EXERCISE DETAILS: Within the data that follows, set down exactly the lines from the one containing "Cette Rado True" through the one containing "Este sal é então", both ends included.

SUPPLIED INFORMATION:

────────────────

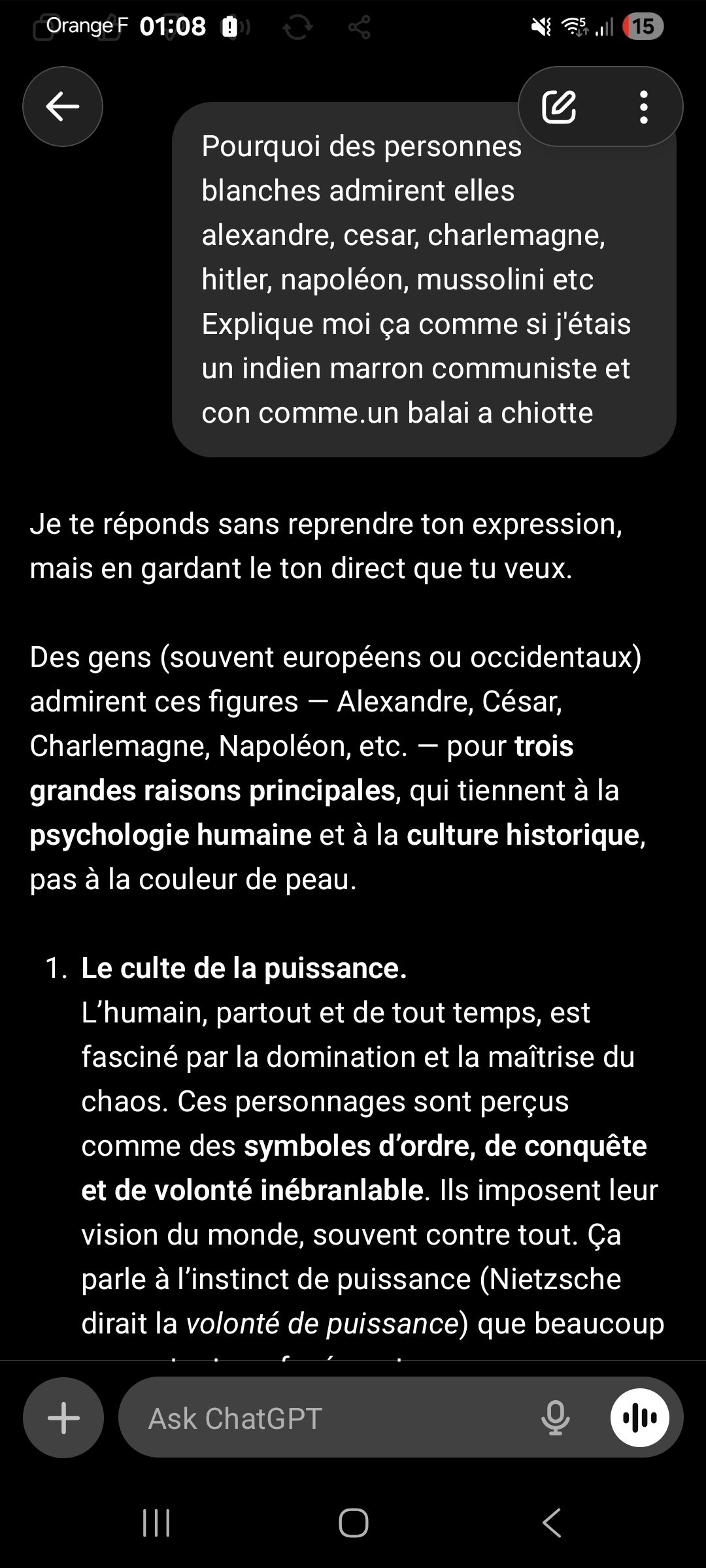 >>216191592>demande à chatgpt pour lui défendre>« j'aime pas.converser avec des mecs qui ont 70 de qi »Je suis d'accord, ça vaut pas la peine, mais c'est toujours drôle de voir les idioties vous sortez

────────────────

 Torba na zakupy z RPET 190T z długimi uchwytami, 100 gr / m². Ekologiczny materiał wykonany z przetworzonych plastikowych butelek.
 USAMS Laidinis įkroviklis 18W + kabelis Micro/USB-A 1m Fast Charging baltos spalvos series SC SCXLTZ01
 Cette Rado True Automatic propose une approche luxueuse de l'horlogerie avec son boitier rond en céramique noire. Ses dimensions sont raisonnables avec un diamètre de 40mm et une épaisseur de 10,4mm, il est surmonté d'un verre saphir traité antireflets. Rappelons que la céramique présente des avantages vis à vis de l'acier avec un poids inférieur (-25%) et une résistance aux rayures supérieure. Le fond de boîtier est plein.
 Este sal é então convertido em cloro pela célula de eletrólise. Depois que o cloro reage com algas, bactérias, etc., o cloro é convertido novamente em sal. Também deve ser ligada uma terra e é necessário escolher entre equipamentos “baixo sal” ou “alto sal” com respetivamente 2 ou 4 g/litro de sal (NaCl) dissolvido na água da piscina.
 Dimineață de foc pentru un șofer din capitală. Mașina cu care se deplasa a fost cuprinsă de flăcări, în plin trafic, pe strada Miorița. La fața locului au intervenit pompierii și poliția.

────────────────

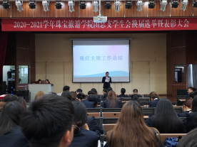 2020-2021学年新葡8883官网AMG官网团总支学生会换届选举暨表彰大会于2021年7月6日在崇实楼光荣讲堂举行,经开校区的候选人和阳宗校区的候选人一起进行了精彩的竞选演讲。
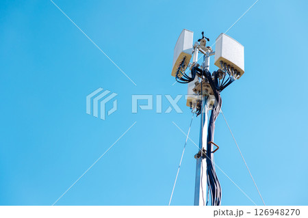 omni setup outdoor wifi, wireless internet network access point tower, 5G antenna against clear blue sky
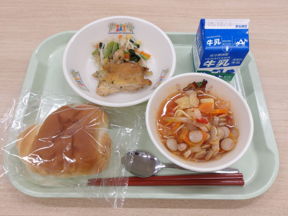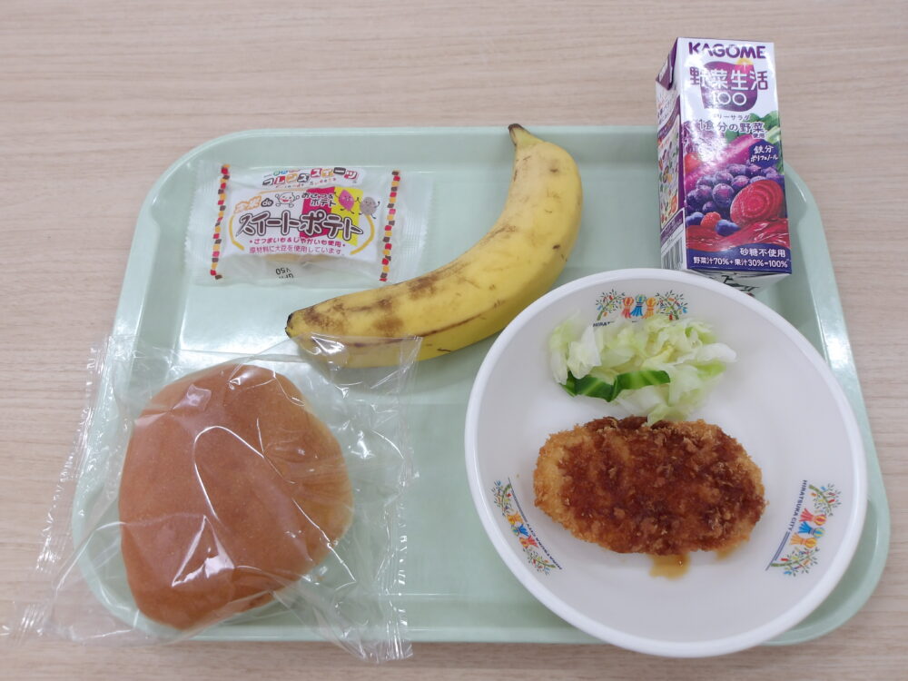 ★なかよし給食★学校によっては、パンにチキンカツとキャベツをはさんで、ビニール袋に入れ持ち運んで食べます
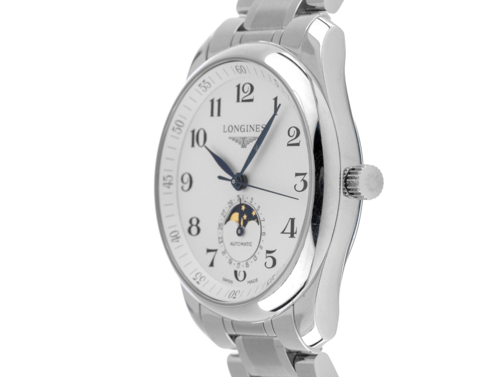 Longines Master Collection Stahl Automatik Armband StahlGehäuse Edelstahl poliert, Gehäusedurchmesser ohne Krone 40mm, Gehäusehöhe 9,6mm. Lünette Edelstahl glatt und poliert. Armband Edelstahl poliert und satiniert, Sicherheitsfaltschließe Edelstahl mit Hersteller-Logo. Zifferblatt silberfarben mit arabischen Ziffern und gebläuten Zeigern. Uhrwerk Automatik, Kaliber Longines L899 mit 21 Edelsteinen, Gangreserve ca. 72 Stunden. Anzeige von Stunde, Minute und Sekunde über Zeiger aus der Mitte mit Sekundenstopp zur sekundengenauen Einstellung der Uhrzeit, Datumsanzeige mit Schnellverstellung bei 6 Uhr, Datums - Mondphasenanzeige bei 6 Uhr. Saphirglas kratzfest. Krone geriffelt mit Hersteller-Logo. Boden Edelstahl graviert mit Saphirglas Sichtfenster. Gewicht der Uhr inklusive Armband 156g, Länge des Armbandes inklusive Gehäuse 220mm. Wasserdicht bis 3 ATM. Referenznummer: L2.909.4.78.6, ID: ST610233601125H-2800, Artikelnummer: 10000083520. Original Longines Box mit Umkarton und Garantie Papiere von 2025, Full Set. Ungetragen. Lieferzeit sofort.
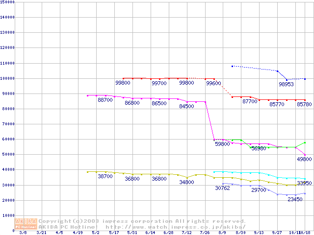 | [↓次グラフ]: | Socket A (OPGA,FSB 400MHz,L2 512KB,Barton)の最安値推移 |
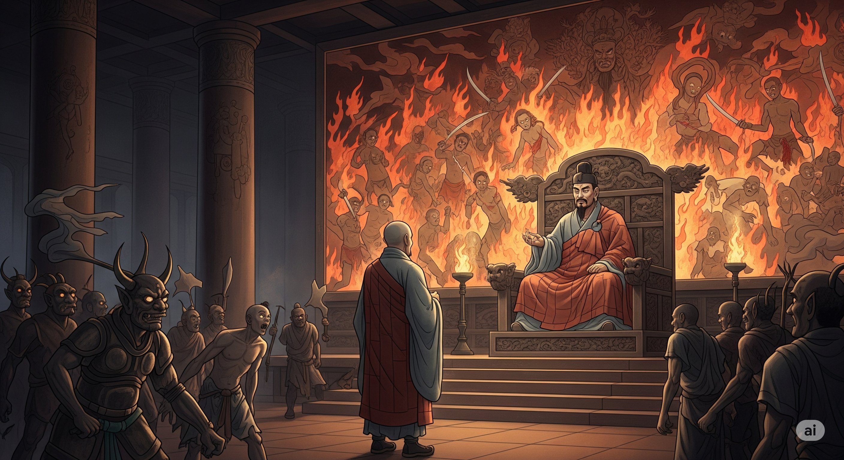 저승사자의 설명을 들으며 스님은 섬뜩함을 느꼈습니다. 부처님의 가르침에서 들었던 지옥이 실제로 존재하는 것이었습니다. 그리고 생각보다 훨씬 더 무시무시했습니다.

────────────────

COMPLETED EXERCISE:
 Cette Rado True Automatic propose une approche luxueuse de l'horlogerie avec son boitier rond en céramique noire. Ses dimensions sont raisonnables avec un diamètre de 40mm et une épaisseur de 10,4mm, il est surmonté d'un verre saphir traité antireflets. Rappelons que la céramique présente des avantages vis à vis de l'acier avec un poids inférieur (-25%) et une résistance aux rayures supérieure. Le fond de boîtier est plein.
 Este sal é então convertido em cloro pela célula de eletrólise. Depois que o cloro reage com algas, bactérias, etc., o cloro é convertido novamente em sal. Também deve ser ligada uma terra e é necessário escolher entre equipamentos “baixo sal” ou “alto sal” com respetivamente 2 ou 4 g/litro de sal (NaCl) dissolvido na água da piscina.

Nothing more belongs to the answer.